= Edward Hawarden =

Edward Hawarden (aka Harden; 9 April 1662 - 23 April 1735) was an English Roman Catholic theologian and controversialist.

==Life==
Hawarden was born in Lancashire, England. His family were recusants who maintained domestic chapels in their residences in Appleton in Widnes. Edward, after a course at the English College, Douai, remained there as a classical tutor, and after his ordination (7 June 1686), as professor of philosophy.

In 1688, having taken the bachelor's degree at the University of Douai, he spent two months as tutor of divinity at Magdalen College, Oxford, which James II of England purposed making a seat of Catholic education. The impending revolution against James forced Hawarden to return to Douai, where he soon proceeded D.D. and was installed in the chair of divinity. One of his students was the historian Hugh Tootell.

In 1702 he was persuaded to take part in the concurrence for one of the royal chair of divinity in the university, but the influence of a hostile minority secured the installation of another candidate by mandatory letters from the court.

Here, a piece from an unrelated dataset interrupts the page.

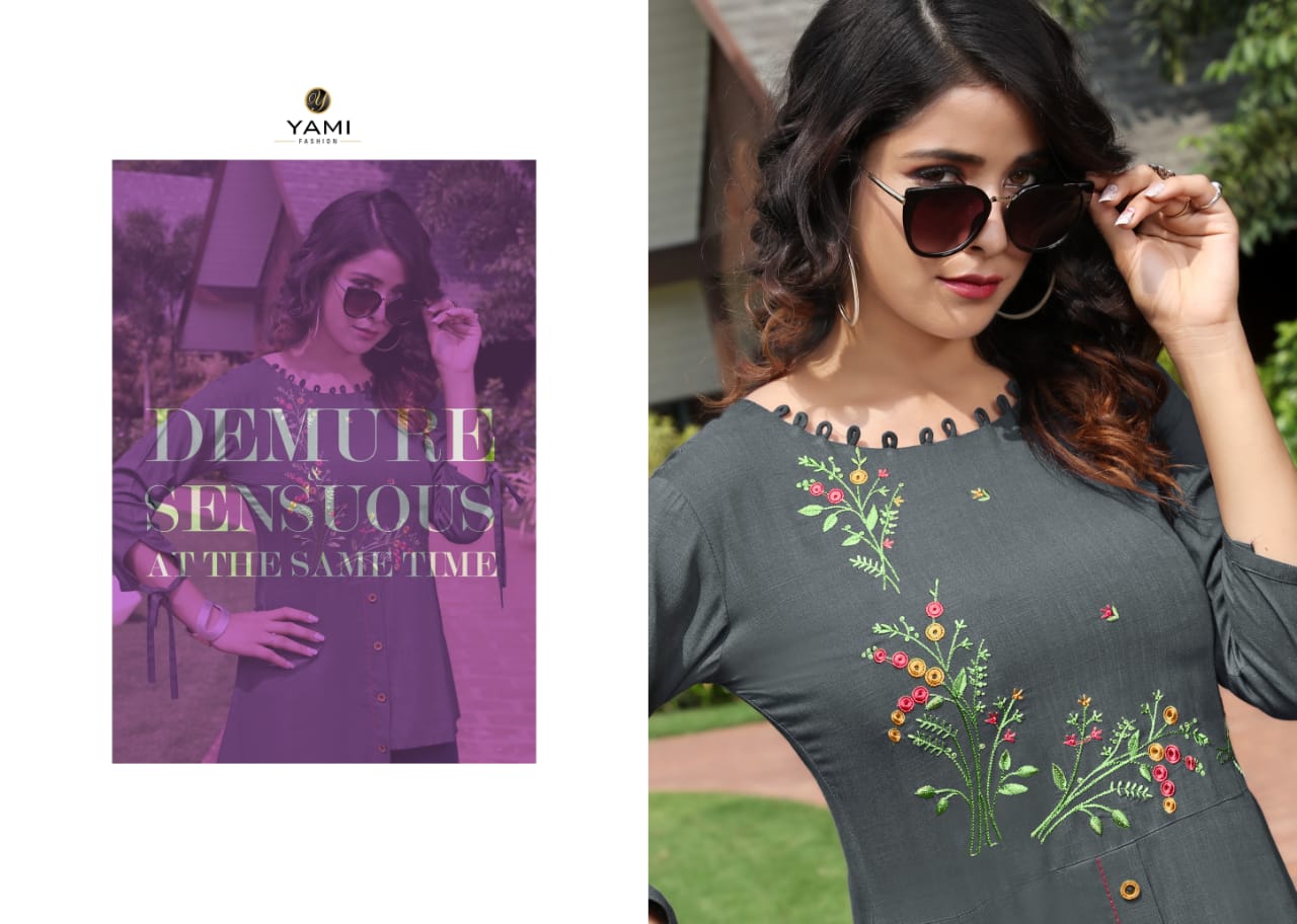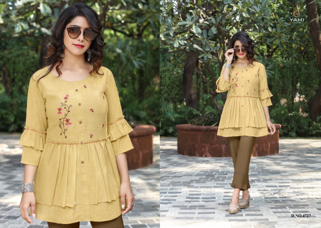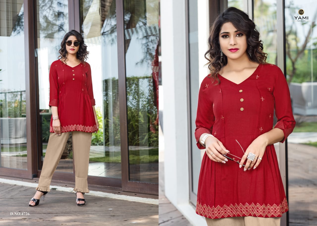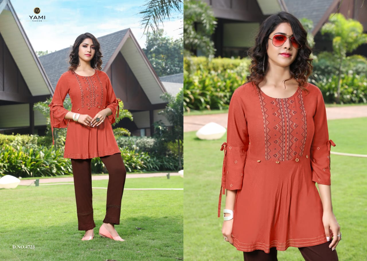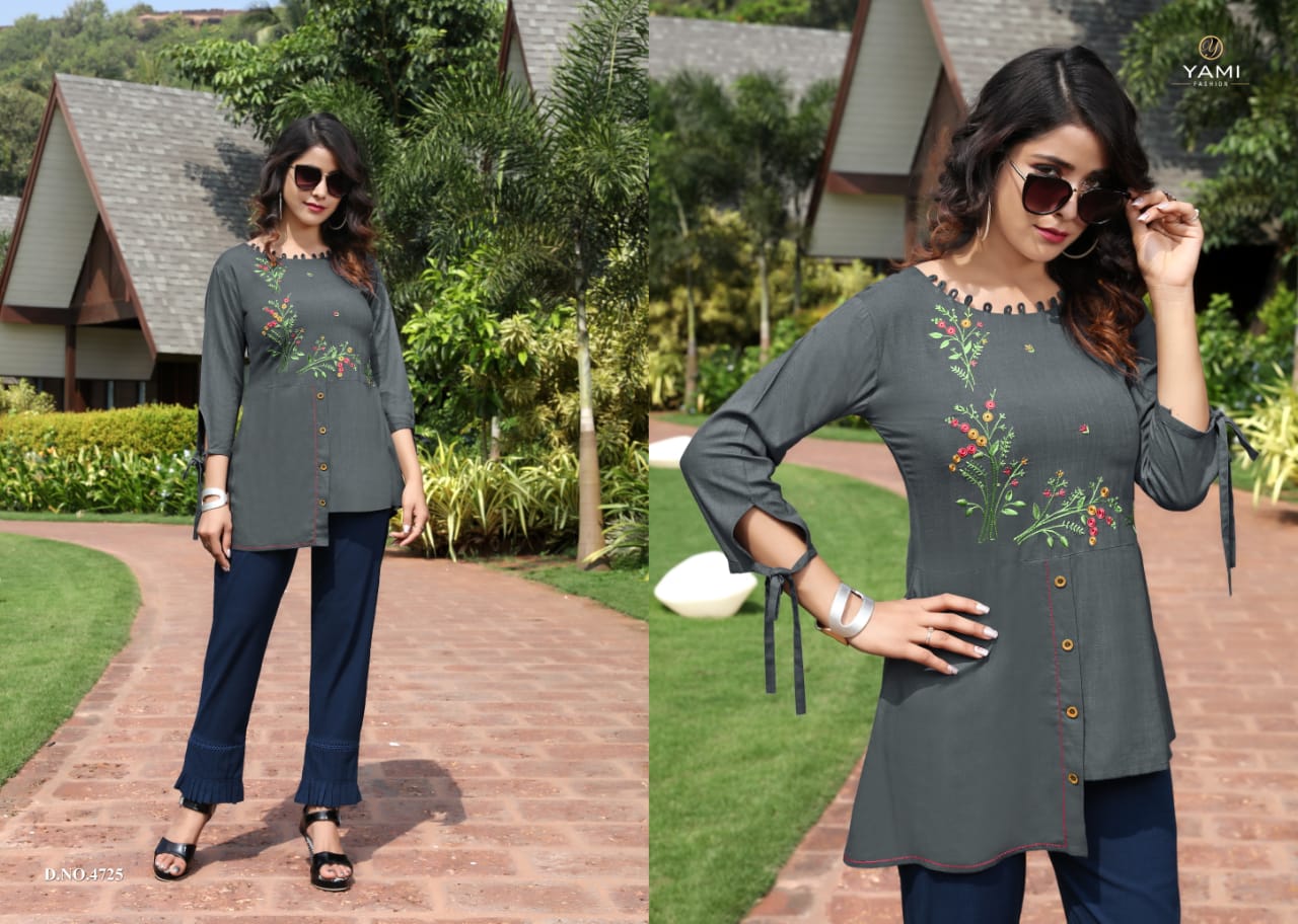 Code By Yami Fashion Rayon Kurti With Lycra Pants Wholesale Supplier And Dealer Gujarat

Shortly afterwards complaints were lodged at Rome that the Douai professors, Hawarden in particular, were propagating the errors of Jansenism. Hawarden was dismissed from the university, but a subsequent official investigation completely exonerated all.

In 1707 Hawarden left Douai to take charge of the mission of Gilligate, Durham, and later Aldcliffe Hall, near Lancaster. Brief entries in the Tyldesley Diary give an idea of his daily life until the seizure of Aldcliffe Hall in 1717, after which he moved to London, probably on his appointment as Controversy-writer.

Hawarden received the thanks of the University of Oxford for his defence of the Trinity in the famous conference with Samuel Clarke (1719). He died, aged 73, in London.

==Works==

Among his works are:

- "The True Church of Christ, shewed by Concurrent Testimonies of Scripture and Primitive Tradition" (London, 1714)
- "The Rule of Faith truly stated in a new and easy Method" (London, 1721)
- "Charity and Truth or Catholicks not uncharitable in saying that none are saved out of the Catholick Communion, because the Rule is not Universal" (Brussels, 1728)
- "An Answer to Dr. Clarke and Mr. Whiston concerning the Divinity of the Son, and of the Holy Spirit" (London, 1729)

A collective edition of his works was published at Dublin in 1808.